On one occasion we discussed the Nigerian novelist Chinua Achebe, lingering on his remark that “charity . . . is the opium of the privileged." Born to Christian parents, Achebe lamented the legacy of missionaries in his landmark novel Things Fall Apart—a fierce counterpoint to the African stories of Joseph Conrad and Joyce Cary, written before he was thirty years of age. But he also lived through the tragedies and failure of the Biafra Independence movement in Nigeria, which he had supported. He acknowledged the difficult task of "doing our good works" without forgetting "that the real solution lies in a world in which charity will have become unnecessary.” I will remember that conversation all the more since six days later Achebe would die in a Boston hospital. In the wake of his passing, editorial tributes have not only celebrated his own fiction but also his later role as general editor of the African Writers Series, responsible for introducing scores of new African authors to the West.
I came home more challenged and perplexed by major economic questions, but also with more interest in reading these works. Africa now figures powerfully in the North American Christian imagination. Relief agencies, nonprofits, and many Christian colleges, including Westmont, sponsor short-term service and ministry projects throughout the continent. According to the United Nations, if you were to set aside Russia, there are now more Christians in sub-Sahara Africa than in Europe. With that in mind, I think it is increasingly important that a Christian liberal arts education, especially one with a “global plank,” prompt students to read and listen to the African voices, especially those with an acute ear for the history and sorrows of their countries, their own rival ideas about economic and spiritual development, and with their own strategies and visions for restoration. This is not simply about enlarging a literary canon; it is about pursuing global citizenship and understanding the global church.
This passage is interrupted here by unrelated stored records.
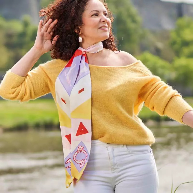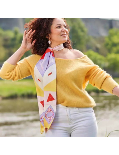 Le grand ruban en soie La Danse est un beau cadeau à offrir ou s’offrir. Original, coloré, artistique et écoresponsable, il fera pour sûr une belle surprise ! Chaque pièce est ainsi emballée avec soin, accompagnée de la carte racontant l’histoire du tableau et les conseils d’entretien de la soie.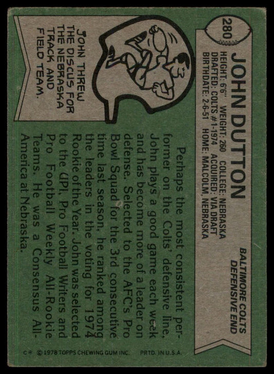 1978 Topps John Dutton #280 Indianapolis Colts Football Card NFL Sports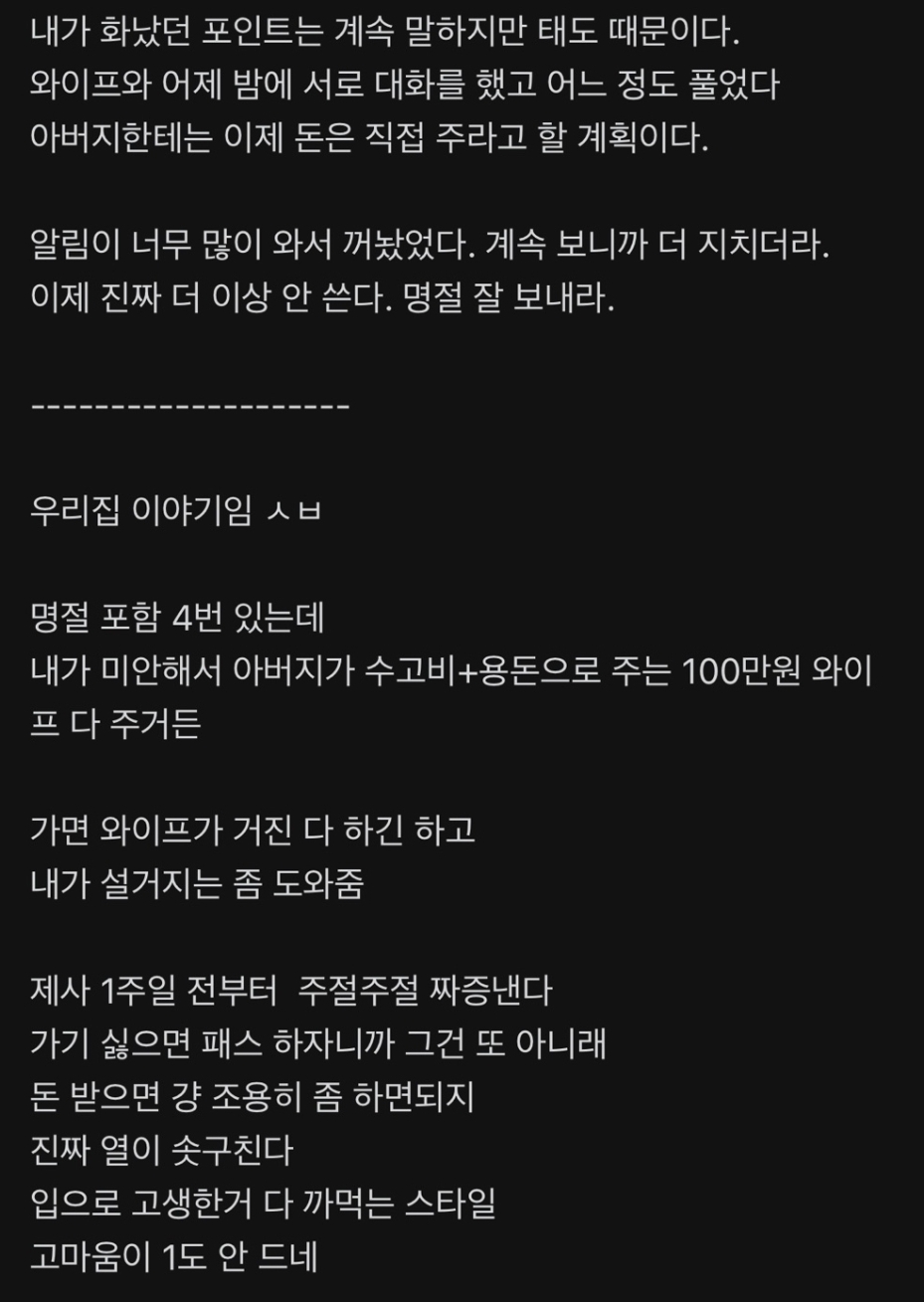며느ㄹl들 제사 할때마다 100만씩 주면 제사상 안차림?(+댓글반응)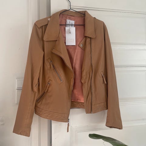 Skindjakke, str. 40, L'ESPRIT Paris, NY/UBRUGT SORT, ÆGTE SKIND - SMUK EKSKLUSIV SKINDJAKKE i EKSTRA LÆKKER KVALITET - MEGET BLØDT SKIND - FLOTTE DETALJER - KAN LUKKES OP OM HALSEN - NY/UBRUGT. Nypris 8.995,-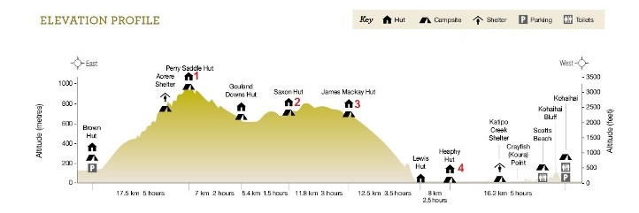 … as this elevation profile shows, Heather and I had to do almost all the climbing that’s involved in an east-west Heaphy Track hike on our first afternoon on the track.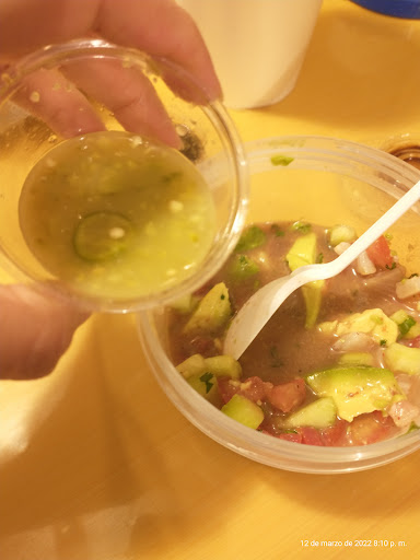 ESP Una muy buena opción para consumir en el local y para llevar. Los alimentos son preparados al momento. De los productos más consumidos son los ceviches de pescado o camarón. Está ubicado en la planta alta de la bifurcación de la vialidad, para ingresar podrás usar la escalera ubicada por uno de los lados. La atención es muy amable y cordial. Sus precios son adecuados...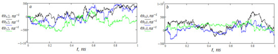 Projections of the angular velocities of fullerenes. (a)—the case of "frozen" fullerenes. (b)—case of free fullerenes.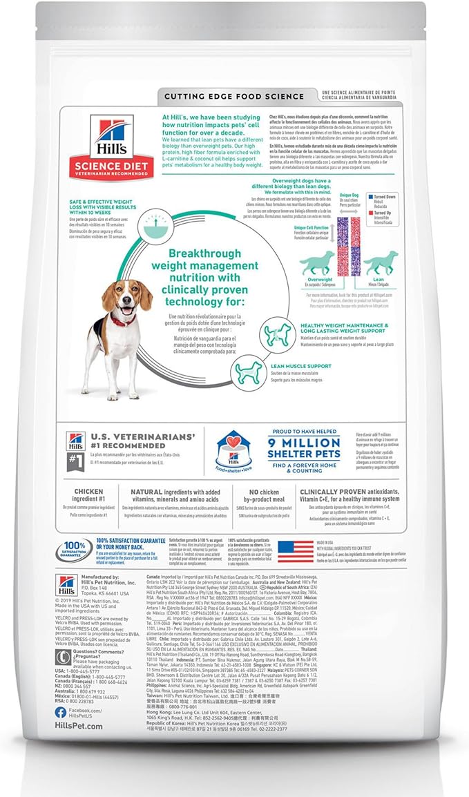 Hill's Science Diet Perfect Weight, Adult 1-6, Weight Management Support, Small Kibble, Dry Dog Food, Chicken Recipe, 4 lb Bag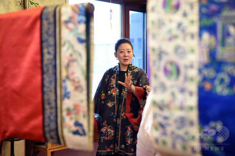 畢紅さんは20数年来、約千点の宮廷や典礼、祭祀などに使われる古典衣装や刺しゅう作品を収集。2013年からは、中国の伝統的衣装からインスピレーションを得て、現代のファッションデザインの中に取り入れ、古今を融合させた特徴あるファッションを創り出しているという。(c)CNS/JCM/AFPBB News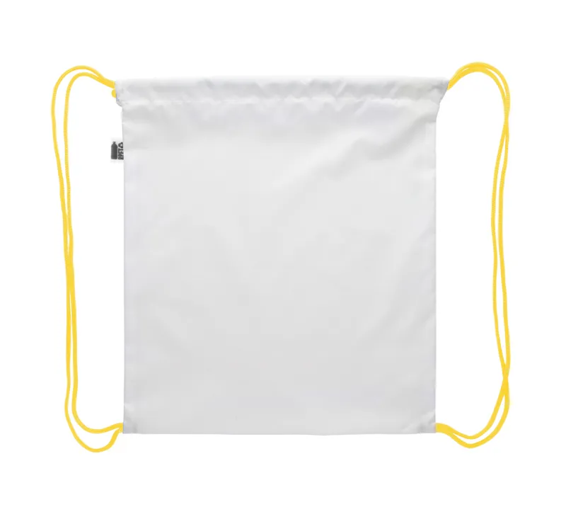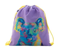Egyedi gyártású gyerek hátizsák színes, zsinórfüles vállpánttal, 190T RPET poliészter. Teljes felületén szublimációs eljárással emblémázva és megkülönböztető RPET címkével. Minimális rendelési mennyiség: 25 db.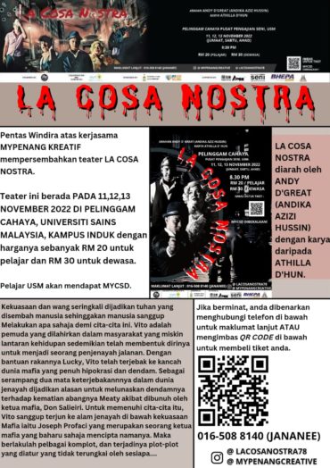 La Cosa Nostra yang akan membawa penonton kembali ke zaman Itali era akhir 19 dan awal 20an mengisahkan tentang kekuasaan wang seringkali dijadikan tuhan yang disembah manusia sanggup melakukan apa apa sahaja demi cita – cita. Vito adalah pemuda yang dilahirkan dalam masyarakat miskin lantaran kehidupan sedemikian telah membentuk dirinya untuk menjadi seorang penjenayah jalanan. Dengan bantuan rakannya Lucky, Vito telah terjebak ke kancah dunia mafia yang penuh hiprokrasi dan dendam. Untuk mengetahui kisah Vito dengan lebih lanjut di dalam dunia La Costra Nostra, jom saksikan pementasan ini pada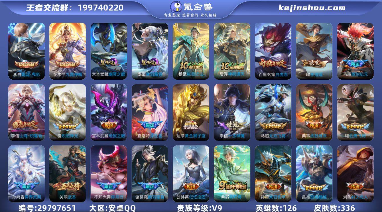贵族等级:V9 典藏皮肤数:2 珍品无双皮肤数:0 无双皮肤数:0 珍品传说皮肤数:0 传说皮肤数:28 史诗皮肤数:103 皮肤数:336 英雄数:126 段位:无双王者 卖家说:背包还有一颗荣耀水晶,还有5000多紫星币可以换星传说 对抗路47段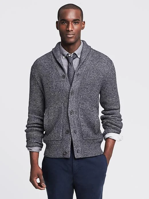 Layering is a great way to overcome the wrath of winter, but too many layers can transform you into the real-life Michelin man. Some days, it may get too cold for the all-purpose cardigan, forcing you to break out the heavy attire. Enter the chunky cardigan. While maintaining the fashionable stylings of the all-purpose cardigan, the added thickness and warmth of the chunky cardigan is ideal for those times when it’s too cold to be outside, but you have to be. Banana Republic’s navy shawl-collar cardigan above is a prime example of combining form and function . All sizes are available as of posting. Use the code BRTIME to get 40% off. Other chunky cardigans we recommend include the J.Crew Italian Wool Shawl-Collar Cardigan ($128.00) and the Charles Tyrwhitt Grey Shawl Collar Cardigan ($110.00).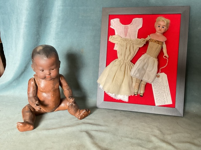 An English 1860s wax headed doll with straw stuffed body and composition limbs - 12in; and a 20s Armand Marseille Dream Baby doll with bisque head mould 351/7K on jointed composition body - 15.5in. (2)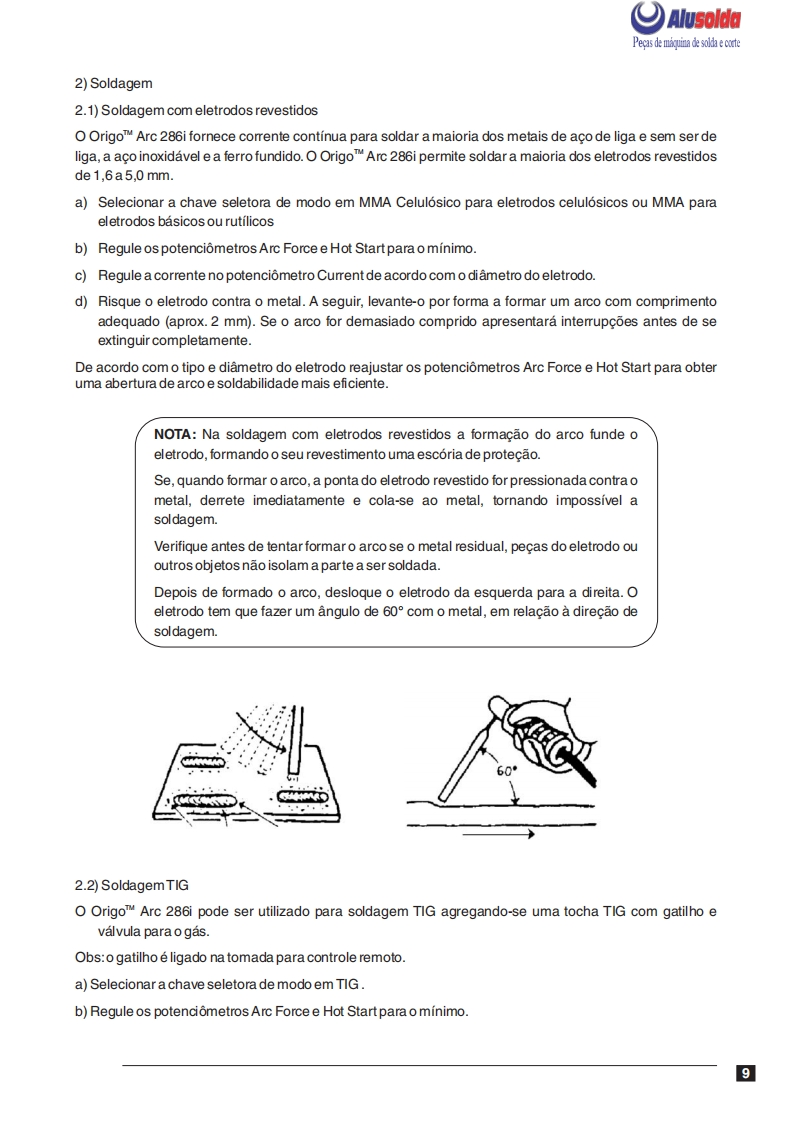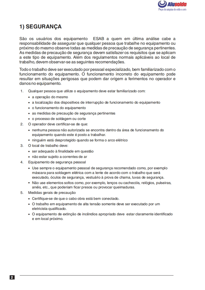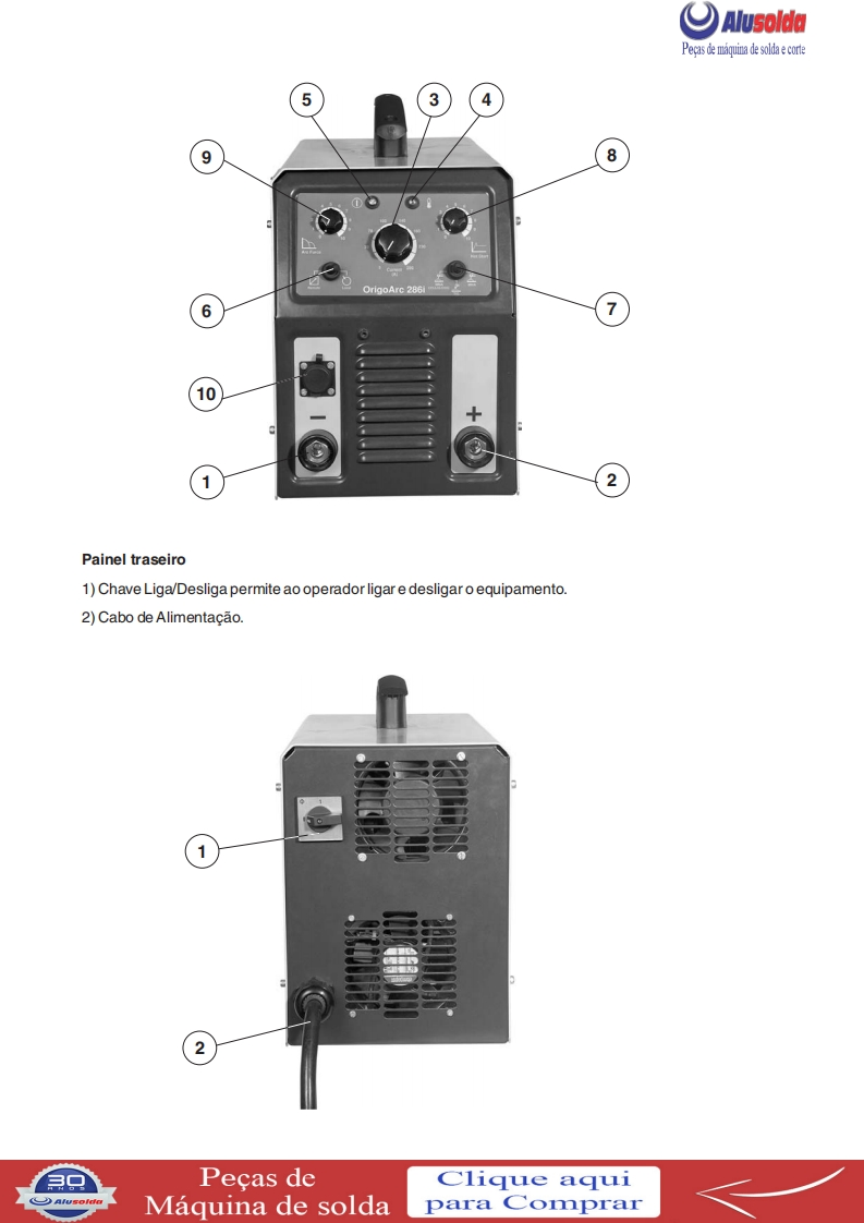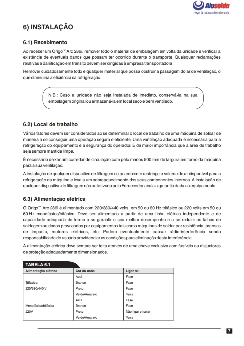 争口AlusoldaESABOrigoTM Arc 286iFonte de energia para soldagem comeletrodos revestidos e TIGOrigoArc286i“Manual do usuario e pecas de reposicaoReferenciaOrigoTM Arc 286i0401001A ESAB se reserva o direito de alterar as especificagbes sem prvio aviso.0208320082008Valido para n de serie a partir de FXXXXXX

We kept so busy during our stay that it was difficult to schedule moments for reflection. But jet lag can actually force some unforeseen hours of contemplation. Set on a steep, lush hill overlooking the town of Mukono, the campus is serene but seldom silent. Larks cycle boisterously in the evenings, and the vuvuzelas from local futbol games can be heard until dusk. From the streets of Mukono below, the trucks and motorbikes and the electronic beat of the canteens and bars usually echoed until after midnight. So, as in most places of the world, the quietest hours come just before dawn, after the tropical showers subside. Sometimes, with my head in another time zone, I sat outside waiting for the first light, even as the hornbills from the overhanging trees shook off the rain and braved our porch. On one morning, about 5:30 A.M., the tranquility was broken by sudden shouts, highly amplified, and gradually swelling. The cries were in the Luganda language, and I had no idea what had erupted until the low, background hum of women’s voices emerged into a choral “Hosanna.” It was, I would learn, a mid-week Lenten service, the gospel proclaimed boldly before dawn. Someone was telling it on the mountain.